*ASSIGNED TASK:*
Say how many lines in the entries hold the string "avec", giving the number by itself.
*** GIVEN RECORDS ***
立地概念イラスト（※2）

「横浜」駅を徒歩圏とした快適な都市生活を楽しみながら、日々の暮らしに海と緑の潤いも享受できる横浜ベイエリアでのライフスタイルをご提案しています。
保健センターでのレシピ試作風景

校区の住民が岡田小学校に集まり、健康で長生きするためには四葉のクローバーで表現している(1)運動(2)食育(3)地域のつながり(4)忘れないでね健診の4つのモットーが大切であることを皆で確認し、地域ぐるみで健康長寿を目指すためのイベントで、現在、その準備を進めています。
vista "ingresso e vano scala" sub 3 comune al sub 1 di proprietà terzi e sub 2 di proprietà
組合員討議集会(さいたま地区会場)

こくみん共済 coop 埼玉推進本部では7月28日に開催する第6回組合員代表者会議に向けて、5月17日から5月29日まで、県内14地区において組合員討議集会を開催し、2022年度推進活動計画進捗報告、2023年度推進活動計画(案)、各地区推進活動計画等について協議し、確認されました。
***
*** GIVEN RECORDS ***
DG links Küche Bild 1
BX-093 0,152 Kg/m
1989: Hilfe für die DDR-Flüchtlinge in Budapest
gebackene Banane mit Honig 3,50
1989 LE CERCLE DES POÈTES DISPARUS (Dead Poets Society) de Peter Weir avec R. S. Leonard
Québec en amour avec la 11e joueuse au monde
***
*REPLY TO THE EXERCISE:*
2